Closed samuel-lucas6 closed 2 months ago

samuel-lucas6 commented 8 months ago

OWASP, TobTu, the Argon2 RFC, etc provide recommended parameters. It would be good to do the same assuming they are realistic, but there's no guidance on parameters from the authors of Balloon. Furthermore, Balloon hasn't been benchmarked properly with different hash functions and parameters to determine suitable recommendations.

Sc00bz commented 2 months ago

The best way to do this is count the amount of hash block calculations and compare to PBKDF2 because a GPU attacker will be limited by compute instead of bandwidth. Balloon needs to use >1 MiB to start slowing down GPUs. >3 MiB will have a near linear slowdown.

I'm going to use "H/block" to mean "hash block calculations per block of memory". This is how many hash blocks are calculated to output a hash. Depending on implementation and settings (I'll use "delta" or "neighbors" = 3). This is usually 3-17 H/block. Some bad implementations depend on salt length and worse depend on secret data and its length. Defender costs are paper (14 H/block), academic code (3 H/block + 0.5 AES/block), Rust's (14-17+ H/block (depends on salt and secret data lengths)), Python (14-17+ H/block (depends on salt length)). Attacker costs are paper (8 H/block), academic code (3 H/block), Rust's (8 H/block), Python (8 H/block).
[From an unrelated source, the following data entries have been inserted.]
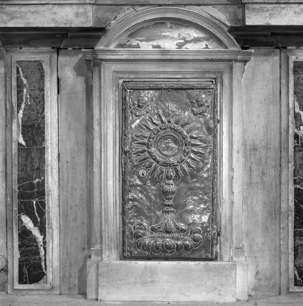 Lo sportello di rame dorato è riccamente decorato a sbalzo. Entro una cornice è raffigurato un ostensorio con motivi a bacello sulla base e sul fusto; la teca è circondata da una corona con motivi decorativi floreali e raggiera. Sugli angoli superiori dello sportello sono raffigurate due testine di angelo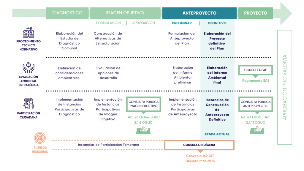 Durante esta etapa se implementará la Consulta Indígena de este proceso de actualización PRC Valdivia, en colaboración con personas y organizaciones indígenas de la comuna, conforme al convenio N°169 de la OIT y el Decreto N°66 del Ministerio de Desarrollo Social (MDS). Esta busca llegar a acuerdos acerca de las medidas propuestas por el PRC, asegurando un diálogo respetuoso y basado en derechos.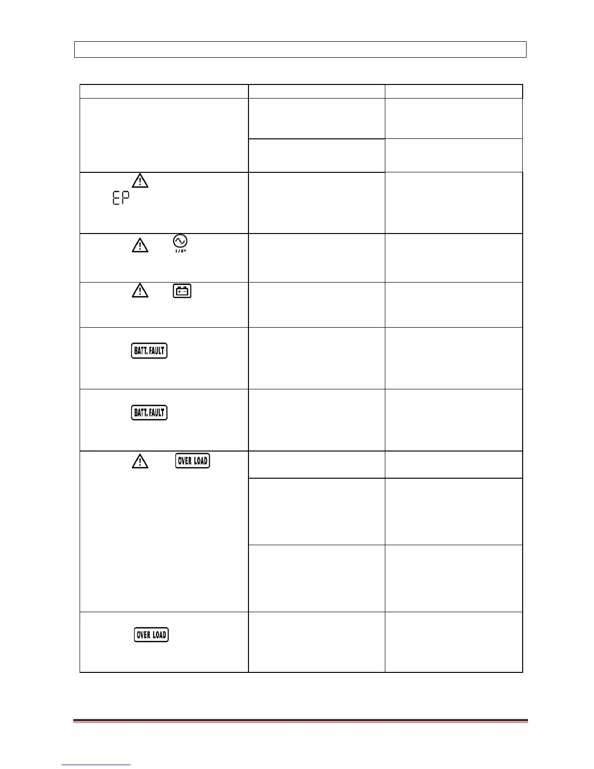 If the UPS system does not operate correctly, please solve the problem by using the table

Rough settings for <10 KH/s/GPU (GPU being an RTX 4080 Super or "2/3 of an RTX 4090" which should be within a few percent of each other): Balloon-SHA-256: Academic code: m=256 KiB, t=48; m=512 KiB, t=24; m=1 MiB, t=12; m=2 MiB, t=3-6? Paper/Rust's/Python: m=256 KiB, t=18; m=512 KiB, t=9; m=1 MiB, t=5; m=2 MiB, t=2-3?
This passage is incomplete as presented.